● Task to complete
Below are records with pictures. Reproduce exactly the lines from the line with "纳斯达克综合指数收涨190." to the line with "Stap in stijl", inclusive, and leave each picture out.

● Data for this task
>>

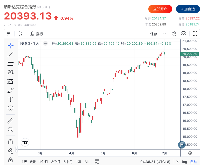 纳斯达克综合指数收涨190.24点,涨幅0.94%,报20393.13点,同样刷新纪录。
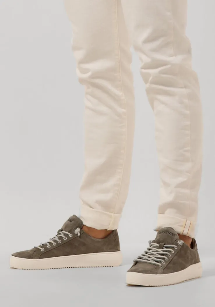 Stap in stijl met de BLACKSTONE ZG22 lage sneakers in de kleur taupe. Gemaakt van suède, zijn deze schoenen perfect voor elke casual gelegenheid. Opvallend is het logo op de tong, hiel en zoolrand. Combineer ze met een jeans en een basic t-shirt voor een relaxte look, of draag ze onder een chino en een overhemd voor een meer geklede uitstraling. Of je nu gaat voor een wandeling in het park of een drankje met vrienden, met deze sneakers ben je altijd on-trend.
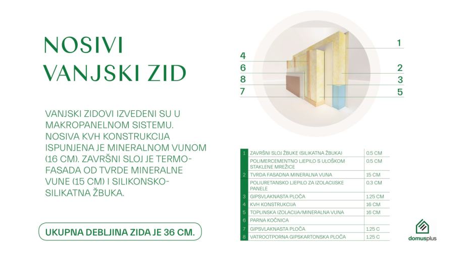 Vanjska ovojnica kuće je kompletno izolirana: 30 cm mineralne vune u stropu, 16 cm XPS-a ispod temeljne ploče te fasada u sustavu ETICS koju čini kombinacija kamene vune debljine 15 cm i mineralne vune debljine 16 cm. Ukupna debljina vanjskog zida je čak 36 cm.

<<
>>

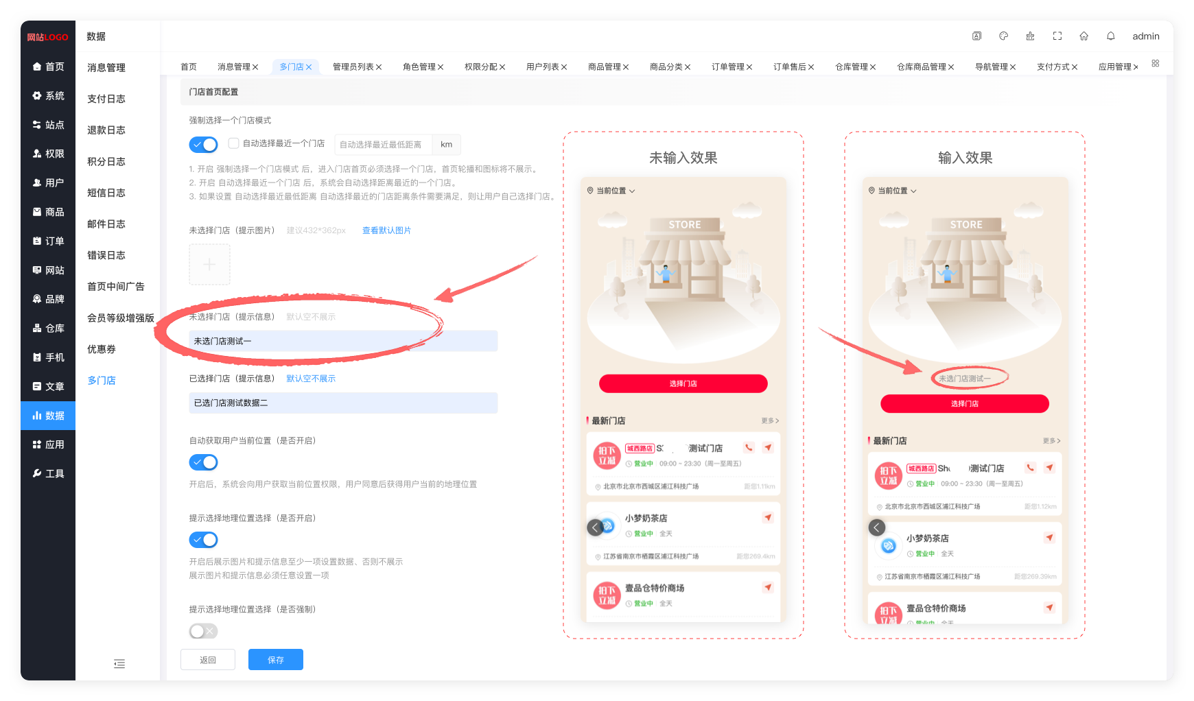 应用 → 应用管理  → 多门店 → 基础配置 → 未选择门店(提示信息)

<<
>>

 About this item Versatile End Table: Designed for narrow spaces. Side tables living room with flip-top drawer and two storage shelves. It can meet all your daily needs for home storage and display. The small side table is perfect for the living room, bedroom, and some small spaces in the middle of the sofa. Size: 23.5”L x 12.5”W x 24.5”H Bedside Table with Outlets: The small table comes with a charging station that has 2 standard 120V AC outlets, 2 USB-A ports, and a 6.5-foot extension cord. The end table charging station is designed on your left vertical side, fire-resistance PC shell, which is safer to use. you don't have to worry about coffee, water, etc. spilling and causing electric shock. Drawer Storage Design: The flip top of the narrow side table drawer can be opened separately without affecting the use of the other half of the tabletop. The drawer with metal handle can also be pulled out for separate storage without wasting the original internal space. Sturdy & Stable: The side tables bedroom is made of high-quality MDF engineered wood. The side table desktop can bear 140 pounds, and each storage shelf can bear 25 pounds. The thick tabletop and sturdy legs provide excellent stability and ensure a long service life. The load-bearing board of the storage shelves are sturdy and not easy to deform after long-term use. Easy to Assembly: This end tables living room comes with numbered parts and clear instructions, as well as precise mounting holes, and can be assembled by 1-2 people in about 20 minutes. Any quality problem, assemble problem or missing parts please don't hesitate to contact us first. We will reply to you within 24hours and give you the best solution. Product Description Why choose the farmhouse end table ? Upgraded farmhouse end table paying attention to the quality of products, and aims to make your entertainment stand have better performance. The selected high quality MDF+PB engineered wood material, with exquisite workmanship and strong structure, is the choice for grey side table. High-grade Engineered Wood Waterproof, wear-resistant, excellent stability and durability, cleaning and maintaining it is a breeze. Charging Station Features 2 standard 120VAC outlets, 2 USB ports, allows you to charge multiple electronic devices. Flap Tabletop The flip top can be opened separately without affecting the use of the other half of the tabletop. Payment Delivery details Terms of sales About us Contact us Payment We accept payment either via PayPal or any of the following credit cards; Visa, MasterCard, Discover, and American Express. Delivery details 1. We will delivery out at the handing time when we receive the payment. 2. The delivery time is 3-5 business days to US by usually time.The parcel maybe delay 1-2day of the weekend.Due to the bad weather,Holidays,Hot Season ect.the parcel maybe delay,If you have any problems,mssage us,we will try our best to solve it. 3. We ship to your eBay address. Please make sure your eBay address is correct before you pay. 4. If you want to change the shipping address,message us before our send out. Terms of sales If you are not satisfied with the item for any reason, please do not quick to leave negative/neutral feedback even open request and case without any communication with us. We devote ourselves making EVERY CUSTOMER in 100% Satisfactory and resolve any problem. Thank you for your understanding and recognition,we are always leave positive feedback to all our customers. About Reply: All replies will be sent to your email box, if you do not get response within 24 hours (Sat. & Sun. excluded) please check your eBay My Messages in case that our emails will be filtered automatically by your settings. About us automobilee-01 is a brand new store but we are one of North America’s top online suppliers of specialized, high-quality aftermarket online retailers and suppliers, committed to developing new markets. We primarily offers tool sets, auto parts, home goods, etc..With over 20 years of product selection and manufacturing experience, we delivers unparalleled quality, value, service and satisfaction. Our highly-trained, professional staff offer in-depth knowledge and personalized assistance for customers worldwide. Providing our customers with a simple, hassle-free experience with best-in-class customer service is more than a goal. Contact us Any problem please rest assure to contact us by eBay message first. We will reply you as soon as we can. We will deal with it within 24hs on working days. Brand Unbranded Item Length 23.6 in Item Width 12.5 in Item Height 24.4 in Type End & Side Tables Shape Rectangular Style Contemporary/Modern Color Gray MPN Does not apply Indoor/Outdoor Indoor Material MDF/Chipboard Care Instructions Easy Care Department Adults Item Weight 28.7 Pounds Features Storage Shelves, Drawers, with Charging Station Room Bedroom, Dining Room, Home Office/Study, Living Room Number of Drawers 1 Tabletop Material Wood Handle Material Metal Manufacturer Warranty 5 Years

<<

● Output for this task
 纳斯达克综合指数收涨190.24点,涨幅0.94%,报20393.13点,同样刷新纪录。
 Stap in stijl met de BLACKSTONE ZG22 lage sneakers in de kleur taupe. Gemaakt van suède, zijn deze schoenen perfect voor elke casual gelegenheid. Opvallend is het logo op de tong, hiel en zoolrand. Combineer ze met een jeans en een basic t-shirt voor een relaxte look, of draag ze onder een chino en een overhemd voor een meer geklede uitstraling. Of je nu gaat voor een wandeling in het park of een drankje met vrienden, met deze sneakers ben je altijd on-trend.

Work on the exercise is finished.